**What you will do:**
Reproduce all the lines below exactly and omit the images.

**Dataset content:**
* * * * * * *
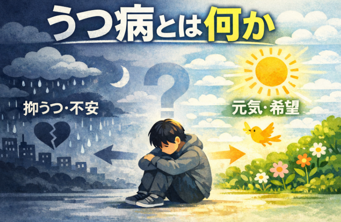 「うつ病」と聞いたとき、多くの人は“気分が落ち込む病気”“やる気が出なくなる状態”といったイメージを思い浮かべるかもしれませんが、実際のうつ病は単なる気分の落ち込みというよりも、脳・身体・思考・人間関係・社会環境といった複数の層が同時に絡み合いながら、本人の生活の流れそのものを変えてしまう状態として理解したほうが、現実に近いと思います。
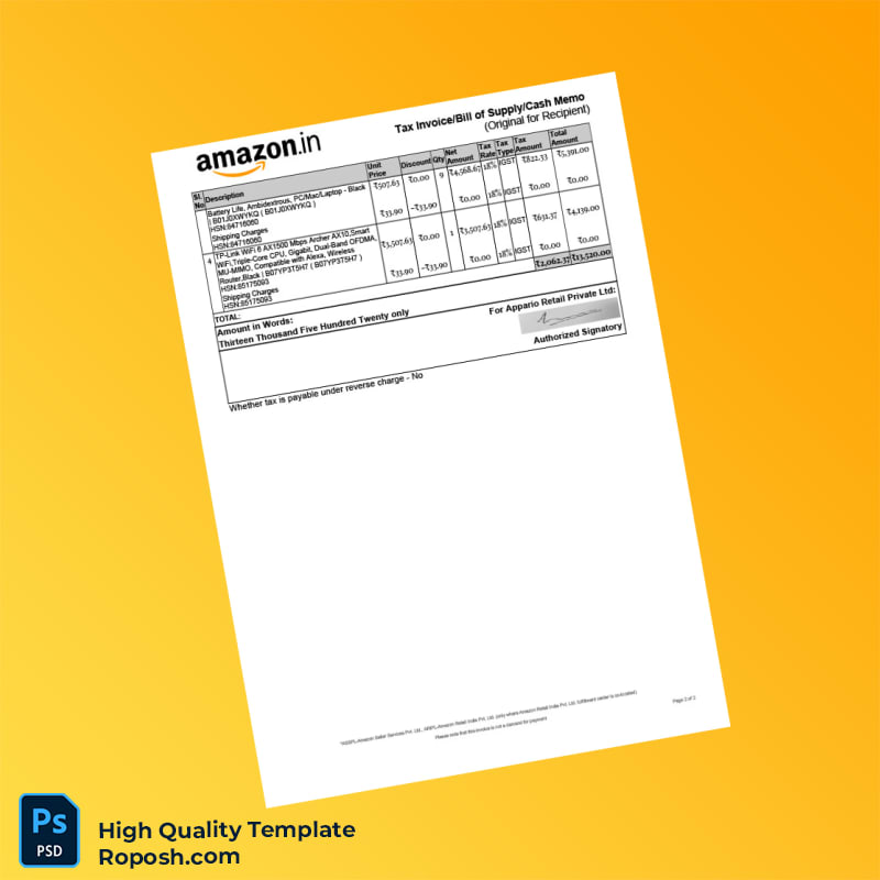 Streamline your billing process with the India Amazon Invoice Template, designed for easy customization and professional presentation. Available in both Word and PDF formats, this editable invoice template is tailor-made to meet the needs of businesses and freelancers who require a reliable, blank editable invoice template for seamless invoicing.
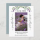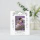 Ett modernt bröllop spara datum-fotokort. Dekoreras med laverings blommigtar, blommor och eukalyptus greenery. Anpassa och lägg till ditt foto, datum, namn.
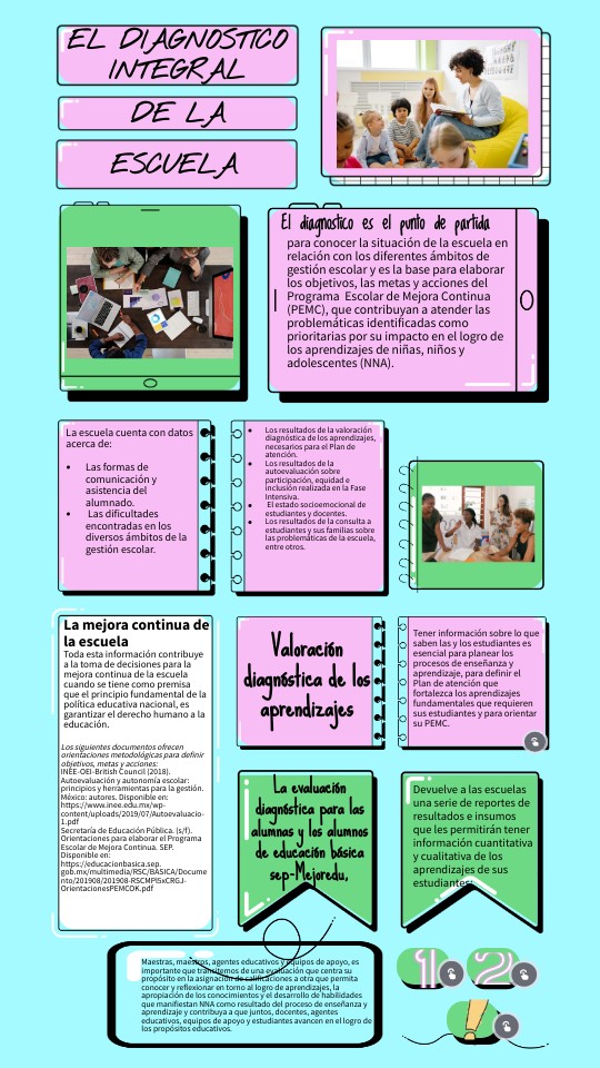 Fuentes de consulta:Consejo Técnico Escolar y Taller Intensivo de Formación Continua para Docentes PRIMERA SESIÓN ORDINARIA. (s.f.). "Diagnóstico Integral de la Escuela Ciclo Escolar 2022-2023". Disponible en: plataforma clasroom: https://classroom.google.com/c/Njk1NDU4MDc4NjAz/a/Njk1NDU4MDc4NjE3/details
* * * * * * *
**Solution to this task:**
 「うつ病」と聞いたとき、多くの人は“気分が落ち込む病気”“やる気が出なくなる状態”といったイメージを思い浮かべるかもしれませんが、実際のうつ病は単なる気分の落ち込みというよりも、脳・身体・思考・人間関係・社会環境といった複数の層が同時に絡み合いながら、本人の生活の流れそのものを変えてしまう状態として理解したほうが、現実に近いと思います。
 Streamline your billing process with the India Amazon Invoice Template, designed for easy customization and professional presentation. Available in both Word and PDF formats, this editable invoice template is tailor-made to meet the needs of businesses and freelancers who require a reliable, blank editable invoice template for seamless invoicing.
 Ett modernt bröllop spara datum-fotokort. Dekoreras med laverings blommigtar, blommor och eukalyptus greenery. Anpassa och lägg till ditt foto, datum, namn.
 Fuentes de consulta:Consejo Técnico Escolar y Taller Intensivo de Formación Continua para Docentes PRIMERA SESIÓN ORDINARIA. (s.f.). "Diagnóstico Integral de la Escuela Ciclo Escolar 2022-2023". Disponible en: plataforma clasroom: https://classroom.google.com/c/Njk1NDU4MDc4NjAz/a/Njk1NDU4MDc4NjE3/details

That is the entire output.